• _Aim of the exercise_
Output only the lines below from the one holding "Mit dem Anstieg" down to the one holding "在城市中用车,脚垫面临最多的", both end lines included and every picture dropped.

• _Supplied data_

○ ○ ○ ○ ○ ○ ○

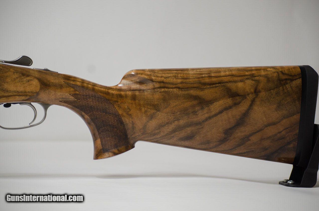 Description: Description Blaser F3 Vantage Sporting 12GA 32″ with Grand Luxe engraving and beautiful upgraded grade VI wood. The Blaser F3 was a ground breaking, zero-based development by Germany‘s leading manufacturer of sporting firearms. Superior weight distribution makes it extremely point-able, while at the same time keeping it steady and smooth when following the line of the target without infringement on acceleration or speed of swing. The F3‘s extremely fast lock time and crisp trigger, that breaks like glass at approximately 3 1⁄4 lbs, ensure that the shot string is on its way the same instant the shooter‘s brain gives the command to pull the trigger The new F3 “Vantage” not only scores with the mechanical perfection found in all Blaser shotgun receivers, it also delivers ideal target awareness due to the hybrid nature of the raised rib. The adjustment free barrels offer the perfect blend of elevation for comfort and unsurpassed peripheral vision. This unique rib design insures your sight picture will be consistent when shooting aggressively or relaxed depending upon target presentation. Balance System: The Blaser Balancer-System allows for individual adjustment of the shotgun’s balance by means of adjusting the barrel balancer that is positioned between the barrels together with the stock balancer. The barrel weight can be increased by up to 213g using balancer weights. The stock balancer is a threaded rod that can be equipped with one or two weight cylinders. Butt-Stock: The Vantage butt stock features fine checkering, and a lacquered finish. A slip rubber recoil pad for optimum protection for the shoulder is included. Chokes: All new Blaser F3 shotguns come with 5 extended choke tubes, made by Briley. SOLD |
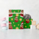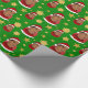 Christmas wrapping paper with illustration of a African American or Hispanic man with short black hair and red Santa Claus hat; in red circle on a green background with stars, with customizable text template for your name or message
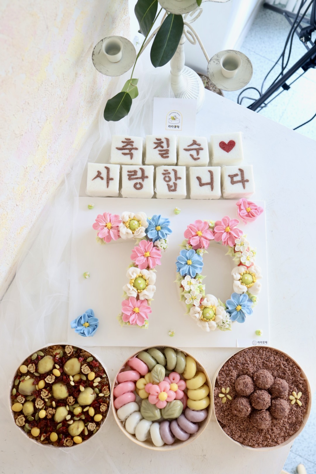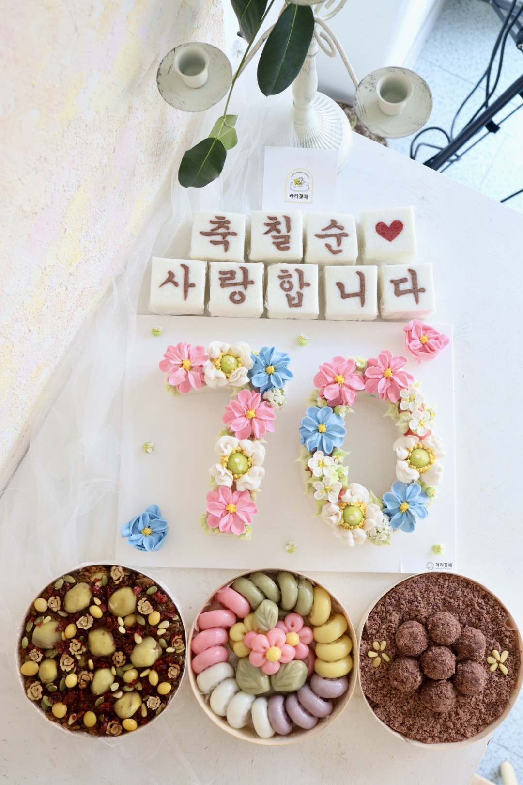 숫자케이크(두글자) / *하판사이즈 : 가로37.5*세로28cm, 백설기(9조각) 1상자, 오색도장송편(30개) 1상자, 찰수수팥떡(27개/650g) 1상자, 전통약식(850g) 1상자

○ ○ ○ ○ ○ ○ ○

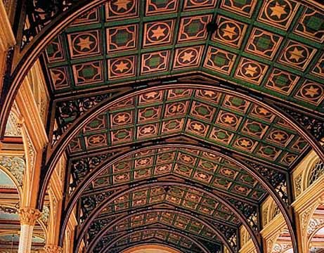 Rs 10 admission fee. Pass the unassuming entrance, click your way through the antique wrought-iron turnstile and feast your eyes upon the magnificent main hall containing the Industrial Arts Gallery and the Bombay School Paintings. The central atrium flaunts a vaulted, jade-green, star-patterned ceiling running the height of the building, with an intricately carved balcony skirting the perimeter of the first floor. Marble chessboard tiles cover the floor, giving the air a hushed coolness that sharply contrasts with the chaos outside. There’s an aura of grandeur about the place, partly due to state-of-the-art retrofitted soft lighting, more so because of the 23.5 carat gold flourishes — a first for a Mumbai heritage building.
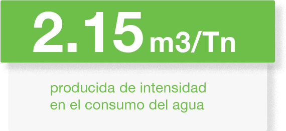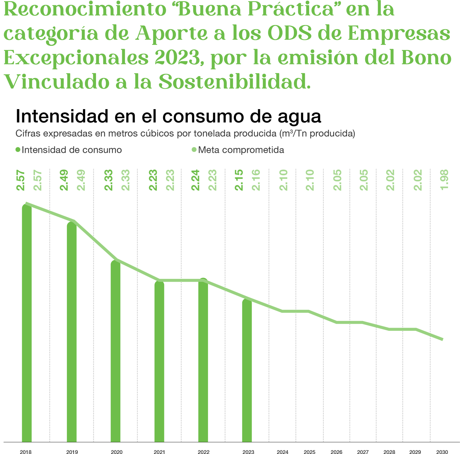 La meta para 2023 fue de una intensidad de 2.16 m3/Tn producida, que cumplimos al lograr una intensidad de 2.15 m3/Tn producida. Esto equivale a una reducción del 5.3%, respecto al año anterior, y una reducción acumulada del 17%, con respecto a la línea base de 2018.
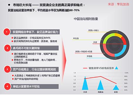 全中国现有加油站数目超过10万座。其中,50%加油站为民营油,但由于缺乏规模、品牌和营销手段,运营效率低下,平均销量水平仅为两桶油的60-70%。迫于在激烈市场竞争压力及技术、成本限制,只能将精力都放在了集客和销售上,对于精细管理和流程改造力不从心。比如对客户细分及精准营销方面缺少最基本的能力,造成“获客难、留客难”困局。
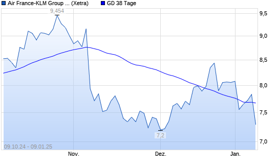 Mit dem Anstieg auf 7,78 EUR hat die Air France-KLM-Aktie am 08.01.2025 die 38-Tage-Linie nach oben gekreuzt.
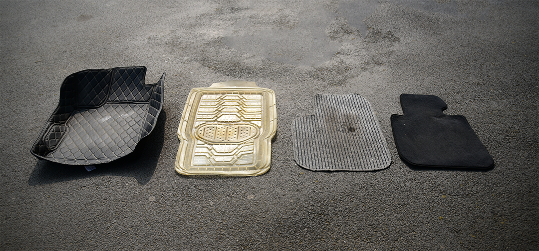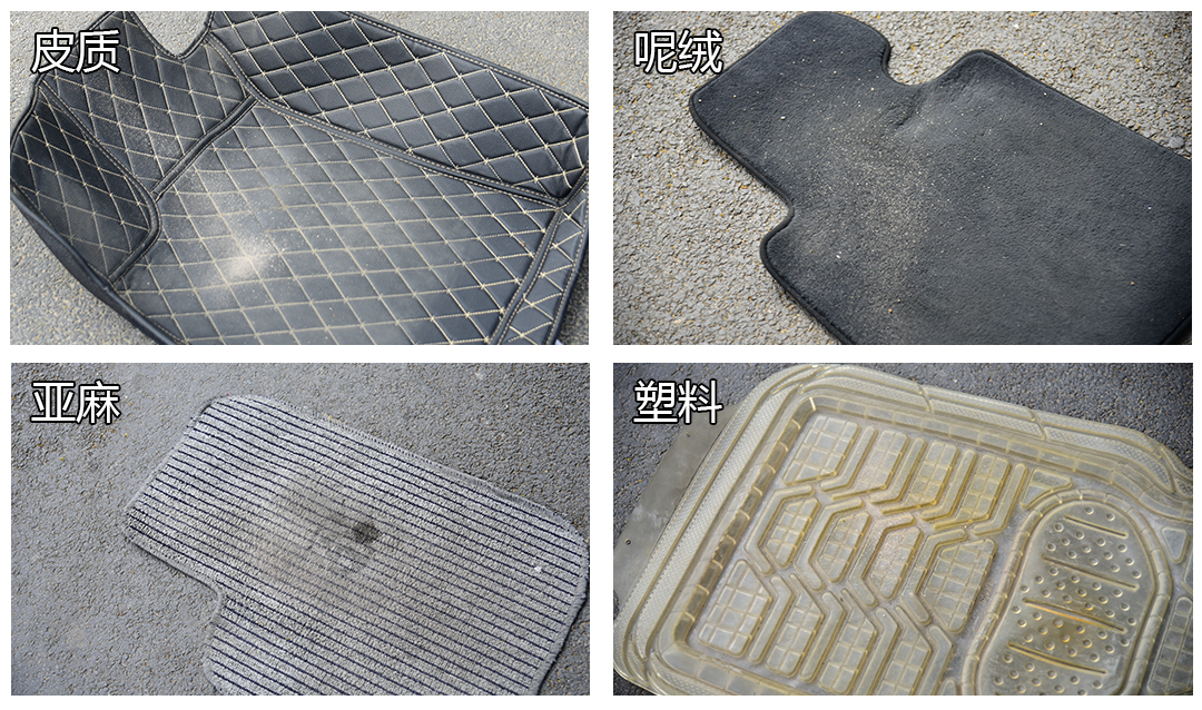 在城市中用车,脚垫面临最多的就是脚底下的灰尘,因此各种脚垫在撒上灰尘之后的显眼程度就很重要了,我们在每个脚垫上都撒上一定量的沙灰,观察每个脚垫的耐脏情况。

○ ○ ○ ○ ○ ○ ○

• _Response area_
 Mit dem Anstieg auf 7,78 EUR hat die Air France-KLM-Aktie am 08.01.2025 die 38-Tage-Linie nach oben gekreuzt.
 在城市中用车,脚垫面临最多的就是脚底下的灰尘,因此各种脚垫在撒上灰尘之后的显眼程度就很重要了,我们在每个脚垫上都撒上一定量的沙灰,观察每个脚垫的耐脏情况。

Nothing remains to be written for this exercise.